Collison's play Red Dust, which closed after eight performances in New York, became the 1932 Clark Gable film by the same name and the 1953 Clark Gable film Mogambo. The hit movie had been a flop on stage: "Red Dust, a turgid play," was "a repetitious melodrama ... Another of those plays of the tropics, or anyway the near tropics, where passions are primitive and men wear their shirts open in the front," wrote the New York Times. His 1932 novel "The Red-Haired Alibi" was turned into a feature-length film of the same name by Tower Productions. Directed by Christy Cabanne, it was the first feature-length film to include Shirley Temple in the credits.

The Maisie series of motion pictures, with the first in 1939, was from Collison's novel Dark Dame. MGM cast Ann Sothern as Maisie Ravier, a brash American working woman. Sothern played the same role in a half-hour weekly radio series.

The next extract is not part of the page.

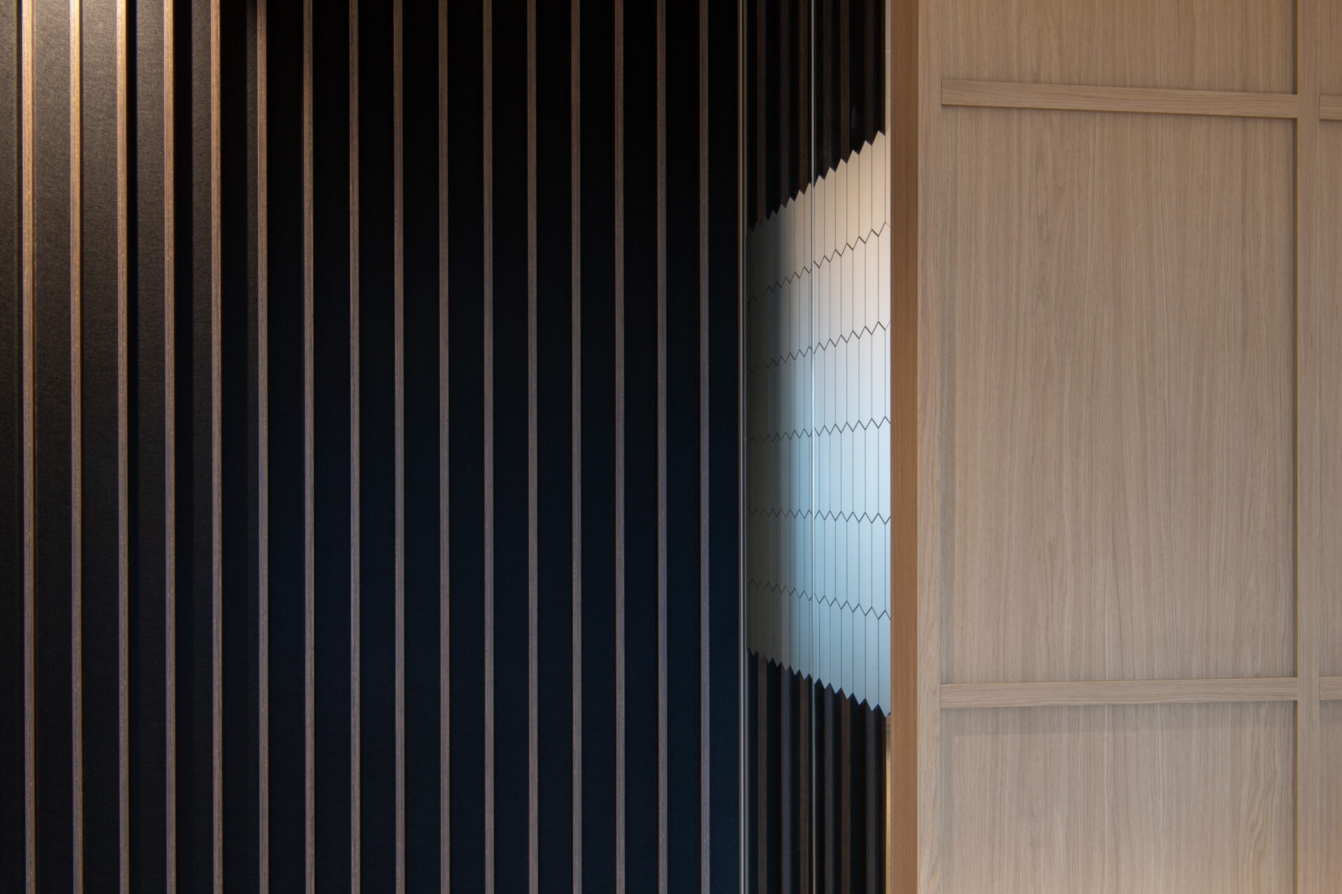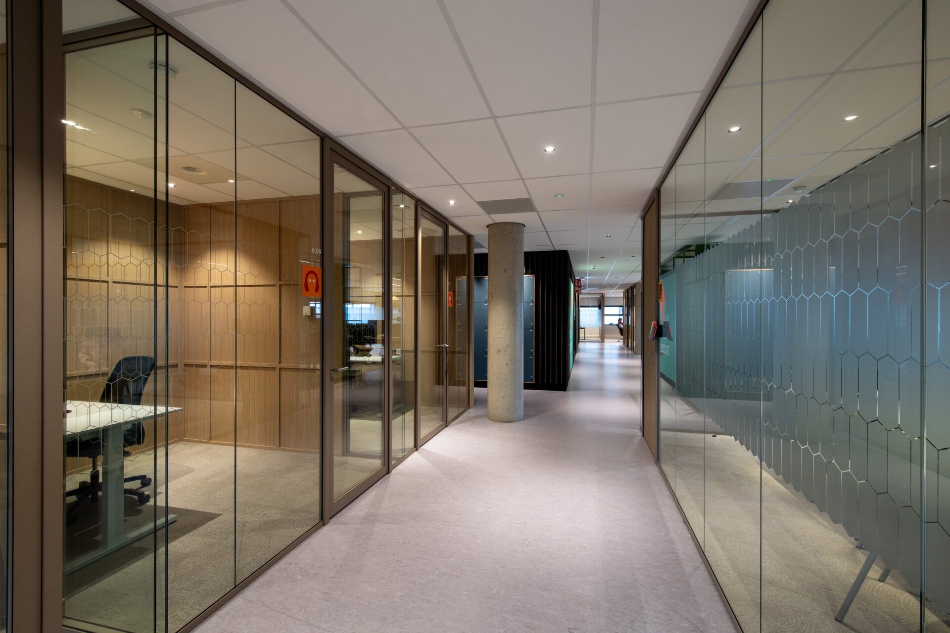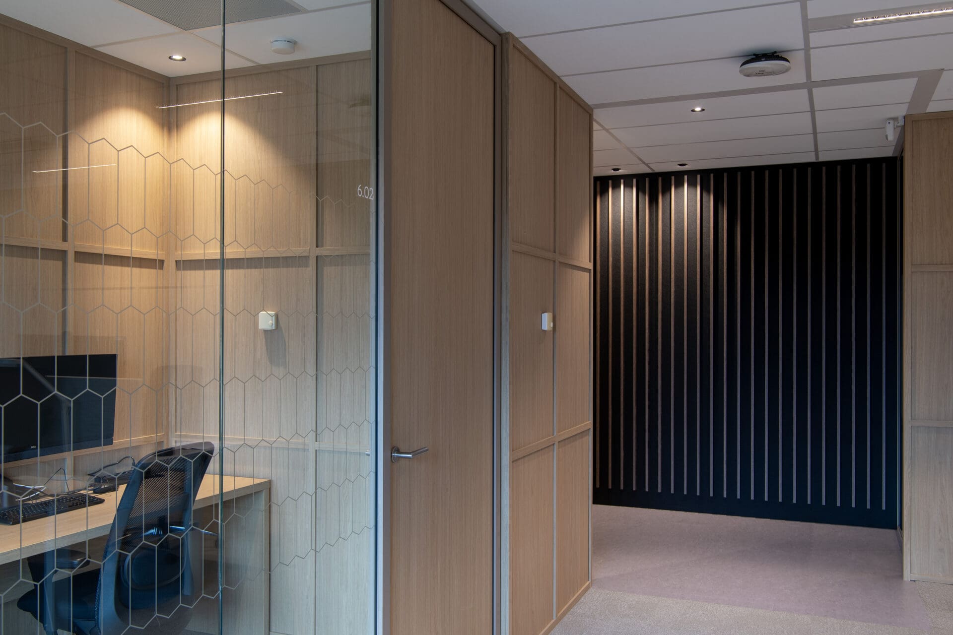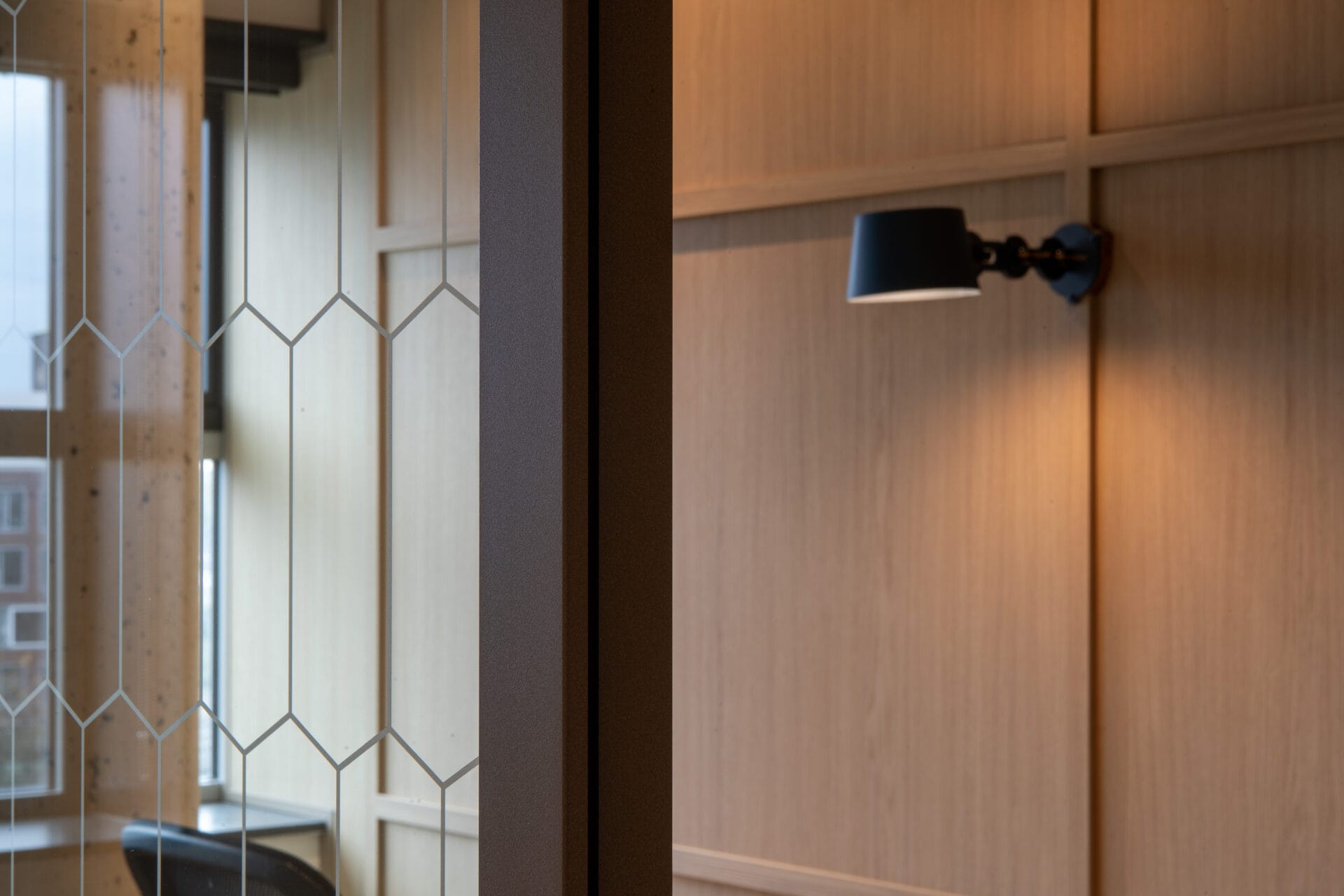 Diese Bewegung spiegelt sich auch in der Materialisierung wider. Vor allem die geschlossenen Holzwände spielen dabei eine zentrale Rolle. Sie bilden ein maßgefertigtes Basis-Trennwandsystem mit Holzrahmen, das sich nahtlos in das Interior-Konzept einfügt. Der Holzton passt zur nachhaltigen Identität der ASN Bank. Francis: „Die Muster im Holz sorgen für Ruhe und Wiedererkennbarkeit. Sie verbinden die Räume miteinander.“

One of his works was adapted as 1933 film Sing, Sinner Sing

Works

Plays
1919 Up in Mabel's Room
1919 The Girl in the Limousine
1920 The Girl with the Carmine Lips
1921 Getting Gertie's Garter
1921 A Bachelor's Night
1922 Desert Sands
1923 Debris
1928 Red Dust

Novels
1929 Murder in the Brownstone House
1930 Diary of Death
1931 Blonde Baby
1931 Expensive Women
1932 Farewell to Women also called Dishonable Darling
1932 Red-haired Alibi
1932 Shy Cinderella
1933 Millstones
1933 One night with Nancy
1933 Sexational Eve
1934 Congo Landing
1935 Save a Lady
1935 The Second Mrs. Lynton
1936 Glittering Isle

Filmography
 The Girl in the Limousine (1924, based on The Girl in the Limousine) 
 Up in Mabel's Room (1926, based on Up in Mabel's Room) 
 Getting Gertie's Garter (1927, based on Getting Gertie's Garter) 
 Divorce Made Easy (1929) 
 Expensive Women (1931, based on Expensive Women) 
 Three Wise Girls (1932, based on Blonde Baby) 
 The Crusader (1932) 
 The Red-Haired Alibi (1932, based on Red-haired Alibi) 
 Red Dust (1932, based on Red Dust) 
 Night of the Garter (UK, 1933, based on Getting Gertie's Garter) 
 Sing Sinner Sing (1933) 
 Smart Girl (1935) 
 Woman Wanted (1935) 
 There's Always a Woman (1938) 
 There's That Woman Again (1938) 
 The Mad Miss Manton (1938) 
 Maisie (1939) 
 Congo Maisie (1940)
 Gold Rush Maisie (1940)
 Maisie Was a Lady (1941)
 Ringside Maisie (1941)
 Maisie Gets Her Man (1942)
 Swing Shift Maisie (1943)
 Maisie Goes to Reno (1944)
 Up Goes Maisie (1946)
 Undercover Maisie (1947)
 Moon Over Burma (1940) 
 Up in Mabel's Room (1944, based on Up in Mabel's Room) 
 Getting Gertie's Garter (1945, based on Getting Gertie's Garter) 
 Mogambo (1953, based on Red Dust)

Death
Collison died at home of a heart attack. He had no funeral, at his request, and his remains were cremated.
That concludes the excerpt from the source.